In other words, you can use the 'set-monad' library as a drop-in replacement for the 'Data.Set' module of the 'containers' library and, in addition, you will also get the aforementioned instances which are not available in the 'containers' package.
It is not possible to directly implement instances for the aforementioned standard Haskell type classes for the 'Set' data type from the 'containers' library. This is because the key operations 'map' and 'union', are constrained with 'Ord' as follows.
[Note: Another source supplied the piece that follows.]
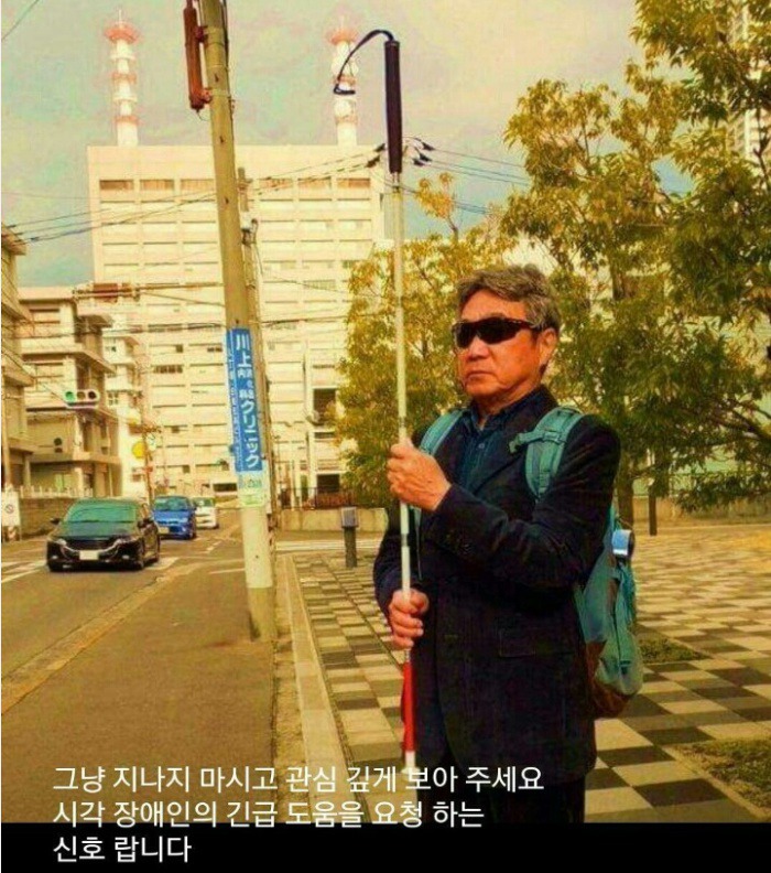 시각 장애인의 SOS 작성자길리성|작성시간20.03.09|조회수38 목록 댓글 0 글자크기 작게가 글자크기 크게가 [정보공유] "시각 장애인들의SOS"혹시 이런 장면을 본적들이 있는가?시각장애인이 지팡이를 거꾸로 들고제자리 서 있을때는 위급 또는 응급상황임을 알리는 SOS 신호인데신호란것이쌍방에 의해 약속되어야 함에도무관심으로 인해 저들만이 애타게신호를 보내고 있는것이 아닌지앞으로 저런 광경을 보면 꼭 다가가서도움을 줄수 있는 우리가 되었으면하는바램에 올려봅니다. 자료 더보기 다음검색 현재 게시글 추가 기능 열기 북마크 공유하기 신고 센터로 신고 댓글 댓글 0 댓글쓰기 답글쓰기 댓글 리스트

> map :: (Ord a, Ord b) => (a -> b) -> Set a -> Set b > union :: (Ord a) => Set a -> Set a -> Set a
The 'set-monad' library provides the type class instances by wrapping the constrained 'Set' type into a data type that has unconstrained constructors corresponding to monadic combinators. The data type constructors that represent monadic combinators are evaluated with a constrained run function. This elevates the need to use the constraints in the instance definitions (this is what prevents a direct definition). The wrapping and unwrapping happens internally in the library and does not affect its interface.
For details, see the rather compact definitions of the 'run' function and type class instances. The left identity and associativity monad laws play a crucial role in the definition of the 'run' function. The rest of the code should be self explanatory.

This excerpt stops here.